I was about to give my boy everything he earned from that fight. Tomorrow, I was gonna go buy Simone ass something nice. Little did she know, her ass was about to be mine. No questions asked.
The knocking started at eight in the morning and didn’t stop. I was pissed off being woke up out my damn sleep.
I laid there for a full minute thinking whoever it was would get the hint and leave. They didn’t. The knocking just got louder and more frequent like the person on the other side of my door had nowhere else to be and all the time in the world to stand there and piss me off.
I already knew who it was before I even got up. Only one nigga was bold enough to stand there and do some bullshit like that. I pulled myself out of bed with every muscle in my body reminding me what Champ had put on me two nights ago.
My ribs were the worst of it — every time I moved wrong a sharp pain shot through my left side that made me catch my breath. My jaw was still swollen a little, the cut above my eye had scabbed over, and my knuckles were bruised from the work I’dput in on Champ’s body for five rounds. I felt every bit of twenty two years old and then some.
I unlocked the door and pulled it open and Gutta was standing there grinning like he’d won something.
“Why.” I said it flat.
“Good morning to you too my nigga.” He walked past me into the apartment without being invited like he had been doing his whole life and I pushed the door shut and stood there looking at him.
“It’s eight in the morning Gutta. And you bringing that shit to my door.”
“I know what time it is.”
“Then you know this is not a normal time to be at somebody crib dude!”
“I got something for you and I wasn’t gone wait all day to give it to you.” He held up the backpack and set it on my kitchen counter and unzipped it and he stepped back. “Open it.”
I looked at him and then looked at the bag and walked over, I looked inside.
Stacks of money. Neat, rubber banded, organized the way Gutta organized everything he touched.
“That’s thirty thousand dollars,” he said. “That’s all yo money back.”
I stepped back from the bag. “Where did this come from?”
“Does it matter?”
“Gutta. Come on mane. Answer the question.”
“Street.” He matched my tone exactly. “You went into that cage two nights ago with thirty thousand dollars of debt over your head and you fought like your life depended on it because it did. You put Champ on his ass and you got your forty thousand. You stood on yo word and you paid Tavarus what you owed him. Now, you got nothing left to show for any of it.” He pointed at the bag. “That’s yours. You fought too hard not to be able to enjoy your own winnings. All you need to know is that is the money you earned.”

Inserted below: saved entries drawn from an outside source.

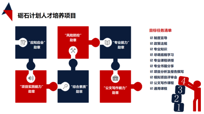 為持續(xù)優(yōu)化公司分層級(jí)人才培養(yǎng)機(jī)制,落地接班人計(jì)劃,結(jié)合公司發(fā)展戰(zhàn)略立足人才發(fā)展需要, 2022年,公司啟動(dòng)了“礪石計(jì)劃”——項(xiàng)目經(jīng)理人才培養(yǎng)項(xiàng)目。該計(jì)劃是公司對(duì)項(xiàng)目經(jīng)理層員工打造的一款標(biāo)準(zhǔn)化、產(chǎn)品化人才培養(yǎng)項(xiàng)目,通過(guò)建立榮譽(yù)勛章獎(jiǎng)懲體系、配備直線輔導(dǎo)人、設(shè)置“任務(wù)清單+動(dòng)態(tài)管理”的模式,敦促并跟進(jìn)項(xiàng)目經(jīng)理完成各項(xiàng)任務(wù)并達(dá)到考核標(biāo)準(zhǔn),方可成為一名合格的項(xiàng)目經(jīng)理?!暗Z石計(jì)劃”實(shí)施中重點(diǎn)結(jié)合工作實(shí)踐,設(shè)立有針對(duì)性培訓(xùn)課程,全面加強(qiáng)項(xiàng)目經(jīng)理人流程搭建、財(cái)務(wù)分析、風(fēng)險(xiǎn)防控、行業(yè)研究、項(xiàng)目研判等專業(yè)素質(zhì),提升獨(dú)立承做業(yè)務(wù)能力,挖掘其內(nèi)在潛能,夯實(shí)基本功,打造懂企業(yè)、善分析、能落地的優(yōu)秀項(xiàng)目經(jīng)理人,使個(gè)人發(fā)展與公司發(fā)展緊密協(xié)同,保證公司人才庫(kù)動(dòng)態(tài)管理,支持公司創(chuàng)新發(fā)展。
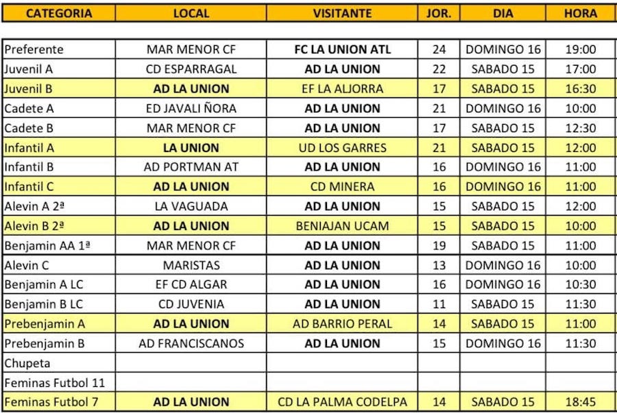 La Unión Atlético visita al Mar Menor el domingo por la tarde, con arbitraje de Adrián Jiménez. Los de San Javier son novenos enla tabla con 30 puntos, ocho menos que los unionenses. En cuanto a las bases, la AD La Unión tendrá en liza a dieciséis equipos este fin de semana. En fútbol femenino descansa esta semana la AD La Unión de primera autonómica.
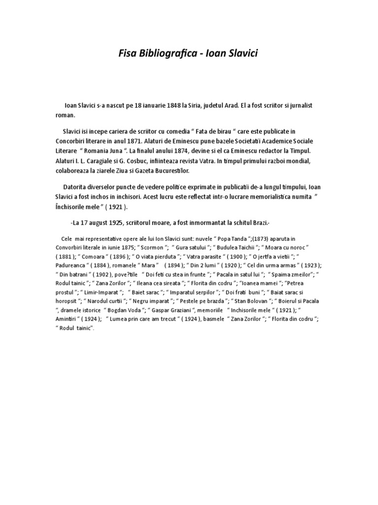 Fisa biografica ioan slavici. Romanul infatiseaza un conflict de rase si credinte intr un mediu de convietuire a romanilor si ermanilor cu deznodamant tragic. Nuvele precum mo. 17 august 1925 la crucea de jos în apropiere de panciu județul vrancea a fost un scriitor și jurnalist român. Alongside eminescu he founded the young romania social and literary academic society and organized in 1871 the putna celebration of the romanian students from romania and from abroad.
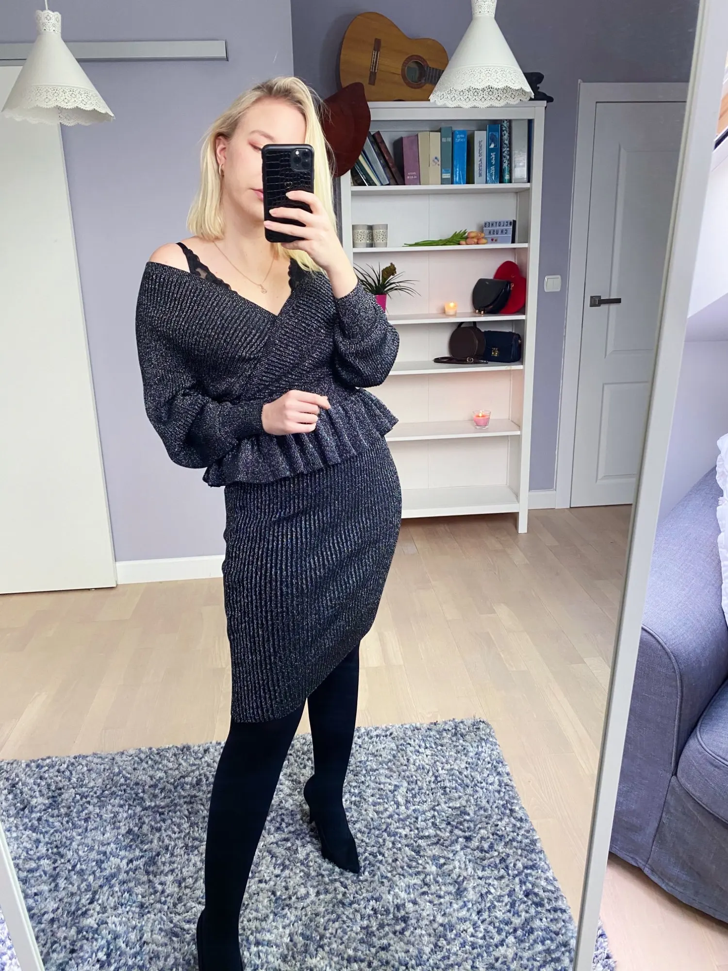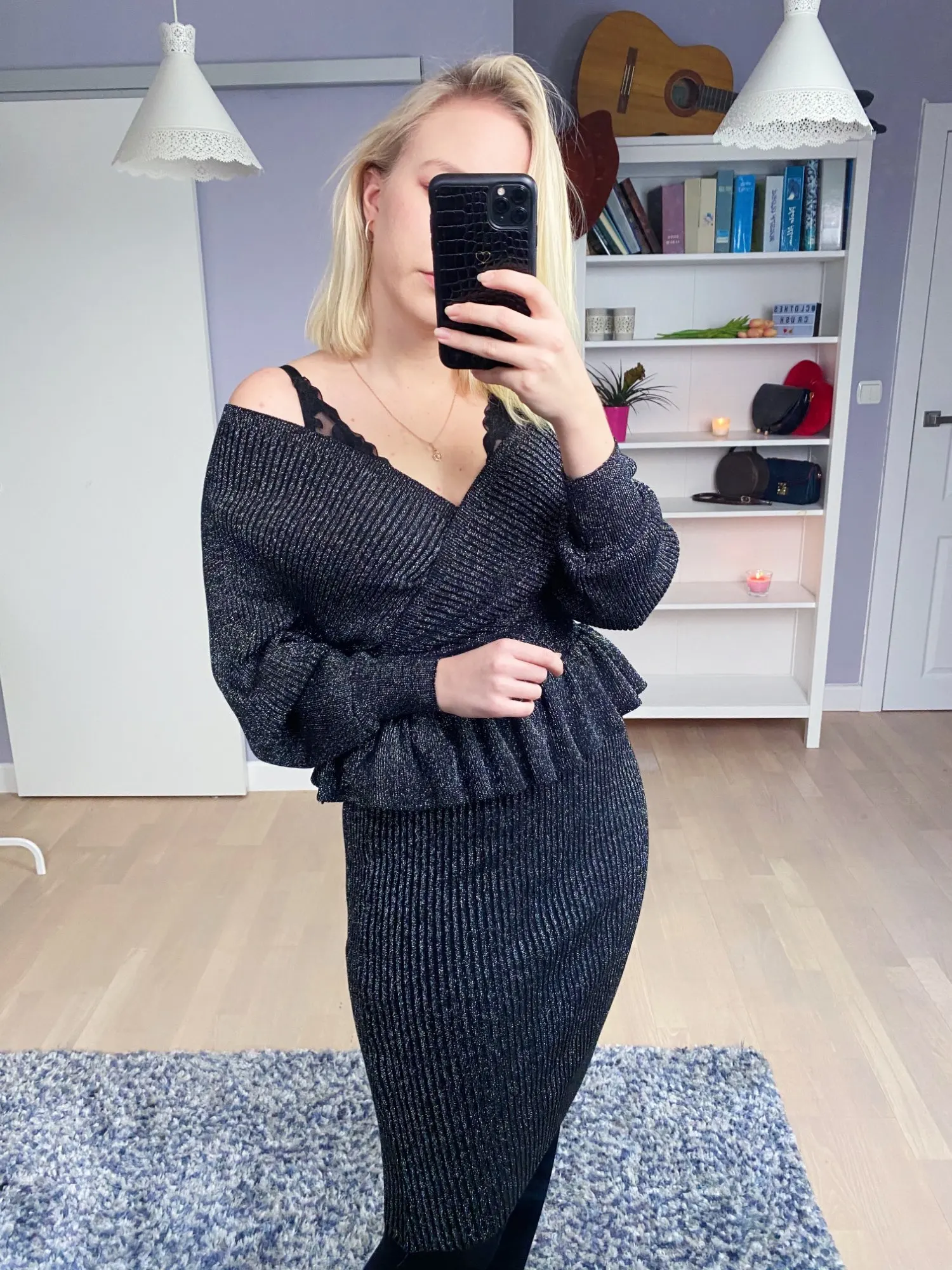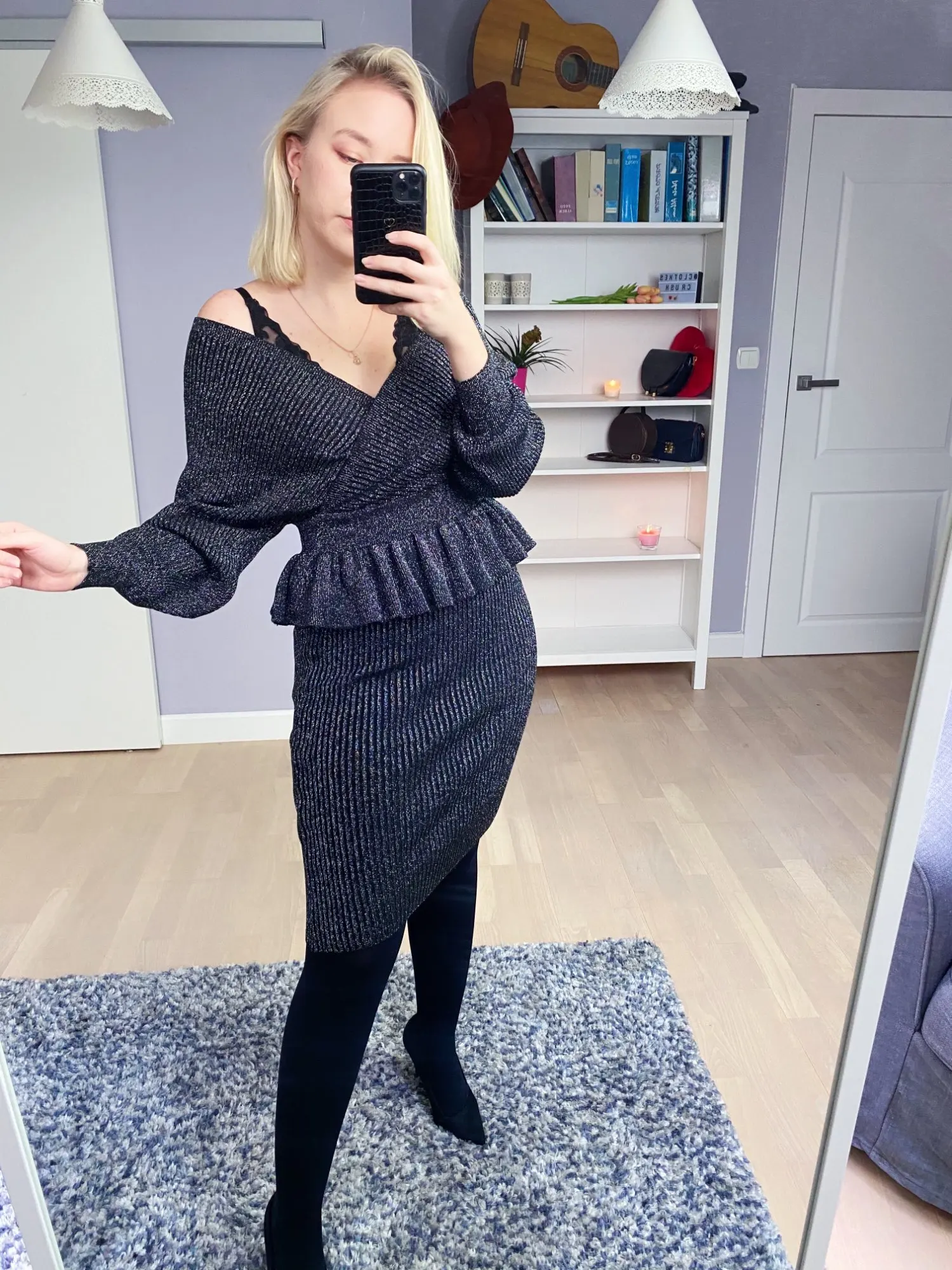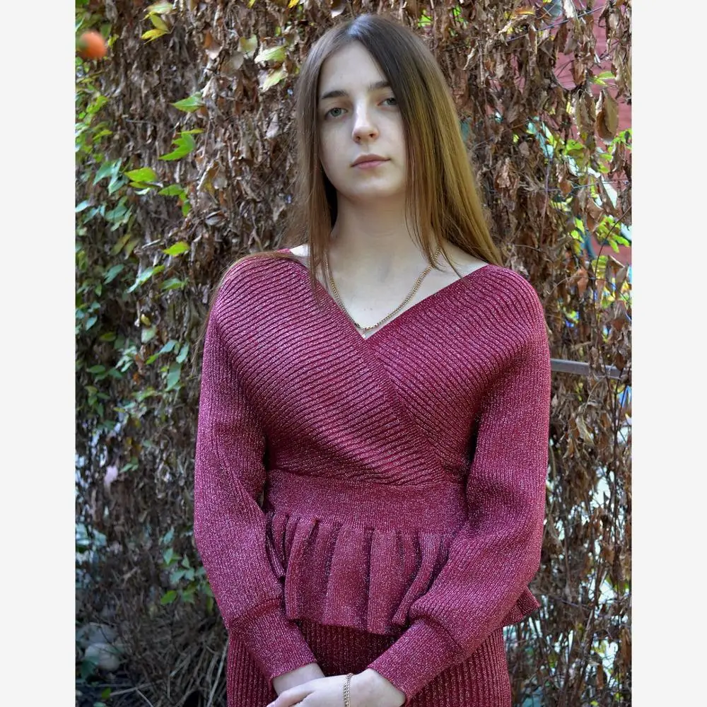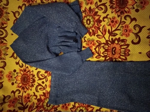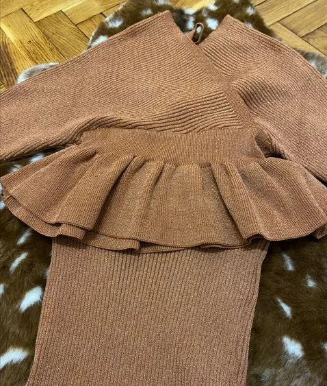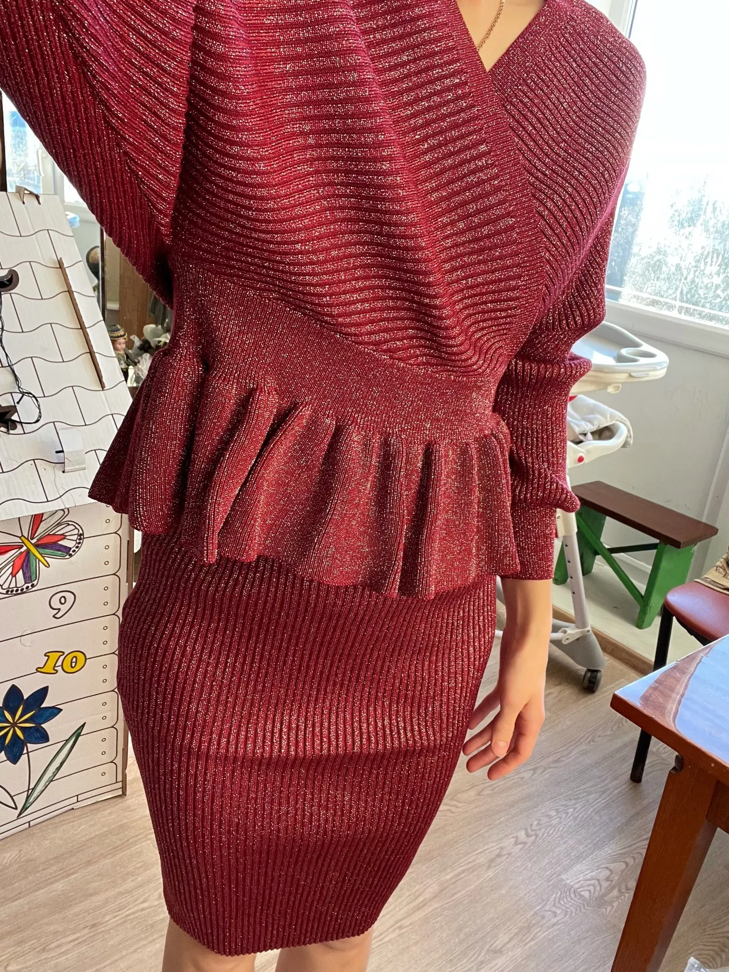 Прикольный трикотажный костюм с добавлением рюлекса. Костюм очень нарядный. Воланчики на талии, и чуть приоткрытая линия декольте, создают празднично-игривое настроение. ⠀ Состав ткани акрил и полиэстер. Ткань не колючая, обычный акриловый, эластичный материал. ⠀ Качество пошива хорошее, торчало пару-тройку ниточек с внутренней стороны. ⠀ Свитер сделан, будто на запах. Сзади у свитера есть перемычка которая не дает двум частям свитера разъехаться, оставив вас в неглиже. ⠀ Рукава у свитера летучая мышь. ⠀ Юбка прямая, с широкой резинкой. ⠀ Мои параметры 84-64-90 и рост 172 см. У продавца один единственный размер данной модели. Мне этот размер маловат. Рукава коротковатые, юбка не такая длинная, как мне бы хотелось. ⠀ Доставка до Кемерово заняла 2,5 недели. Трек-номер отслеживался. Костюм не имел абсолютно никакого запаха.
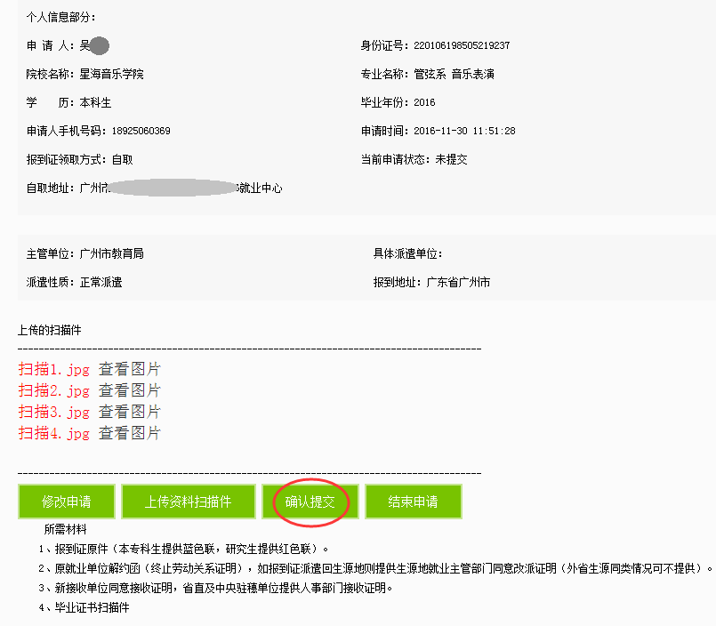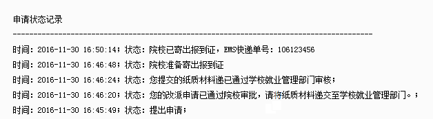 6、提交纸质材料并等待审批。学生可直接向学校提交改派的纸质材料。并可在网上改派申请的页面查询办理进度。

“I’m not taking money from you.”
“You not taking it from me. I’m giving it to you. Different thing.”
“That’s the same thing.”
“It really ain’t.” He zipped the bag back up and picked it up and held it out toward me. “Stop being lame nigga and take the bag.”
I looked at him standing there with his arm extended and that expression on his face that he got when he had already decided how something was going to go and was just waiting for everybody else to catch up. I had seen that expression my whole life. I knew what it meant. He wasn’t leaving without me taking this bag and arguing with Gutta was something that never ended the way I wanted it to.
I took the bag.
He smiled. Not the big overly dramatic smile he did when he was showing off. The real smile that said he really wanted me to have this shit. Small and genuine, the kind that showed only when something actually mattered to him.
I grabbed the back of his neck and pulled him in for a big ass hug and we held it for a second. This was my fuckin’ brother and this was the realest shit a nigga ever could have done. I had alreadycounted that money out and here he was, giving it all back to me. Me and Gutta didn’t need speeches. Never had.
When I stepped back he was already moving toward the door.
“Get dressed,” he said.
“For what?” I asked. This nigga never planned shit ahead of time, but always expected me to jump up.